33.14 Rmail and Coding Systems

Rmail automatically decodes messages which contain non-ASCII characters, just as Emacs does with files you visit and with subprocess output. Rmail uses the standard ‘charset=charset’ header in the message, if any, to determine how the message was encoded by the sender. It maps charset into the corresponding Emacs coding system (see Coding Systems), and uses that coding system to decode message text. If the message header doesn’t have the ‘charset’ specification, or if charset is not recognized, Rmail chooses the coding system with the usual Emacs heuristics and defaults (see Recognize Coding).

Occasionally, a message is decoded incorrectly, either because Emacs guessed the wrong coding system in the absence of the ‘charset’ specification, or because the specification was inaccurate.
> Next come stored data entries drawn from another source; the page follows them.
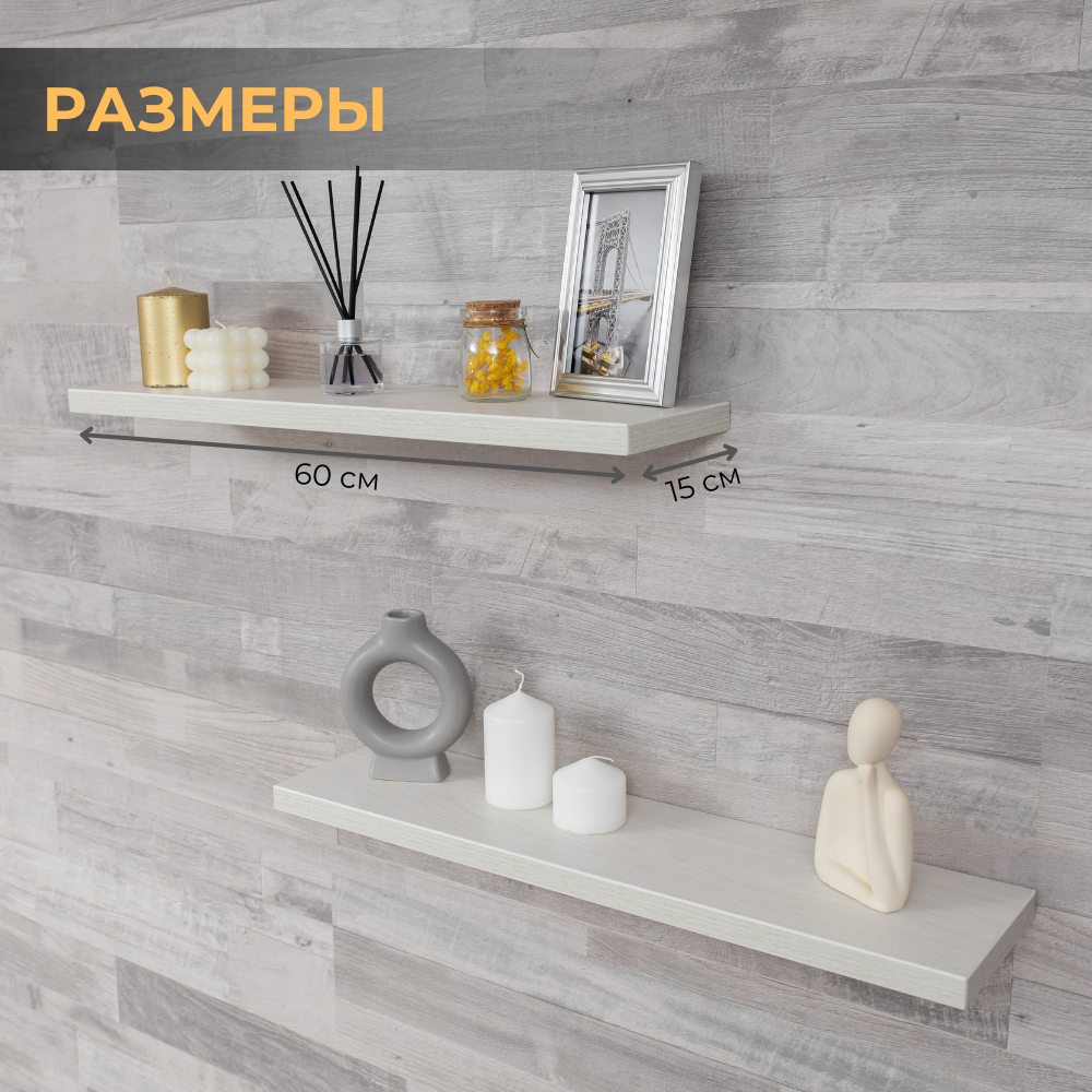 Купить Полка настенная прямая навесная, со скрытым монтажом 2 шт, ясень светлый, 60х15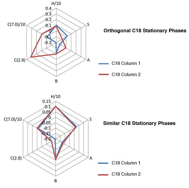 Figure 1: Radar plots of PQRI column classification data showing similar and orthogonal C18 phases
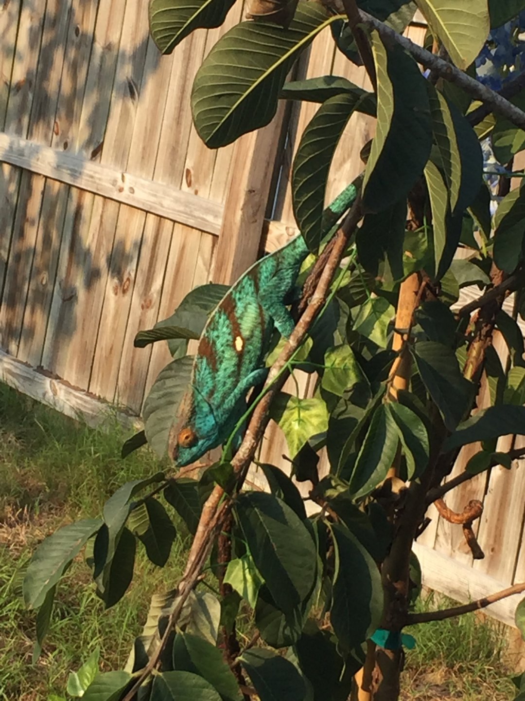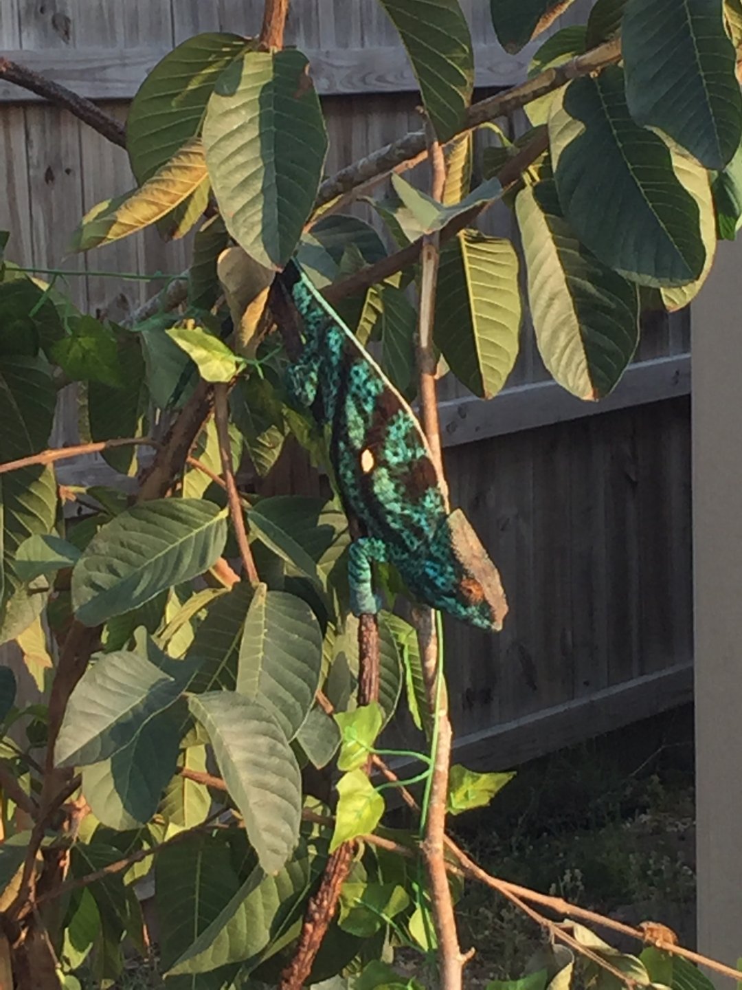 I finally took him outside! I do not handle him unless I need to weight him or move him for good reasons.(like the mess going on right now) but I did take him outside on his favorite tree that he was probably sitting there like man what did you do to my tree! He didn't understand what was going on at first but once he realized the sun was coming up faster and faster(it was around 8:45ish) he stretched out and took it all in while he was looking at me real hard. He was out here for almost an hour and I'm surprised he was looking at me so much and not his surroundings. I was about 15 feet from him on the porch. But now that it's warmer and time for the chams to get some outside time I can really only take mine out in the mornings as it gets too hot here quick:( anyways I tried to leave him alone so only a few pics.

For example, a misconfigured mailer could send a message with a ‘charset=iso-8859-1’ header when the message is actually encoded in koi8-r. When you see the message text garbled, or some of its characters displayed as hex codes or empty boxes, this may have happened.

You can correct the problem by decoding the message again using the right coding system, if you can figure out or guess which one is right. To do this, invoke the M-x rmail-redecode-body command. It reads the name of a coding system, and then redecodes the message using the coding system you specified. If you specified the right coding system, the result should be readable.

When you get new mail in Rmail, each message is translated automatically from the coding system it is written in, as if it were a separate file. This uses the priority list of coding systems that you have specified. If a MIME message specifies a character set, Rmail obeys that specification. For reading and saving Rmail files themselves, Emacs uses the coding system specified by the variable rmail-file-coding-system. The default value is nil, which means that Rmail files are not translated (they are read and written in the Emacs internal character code).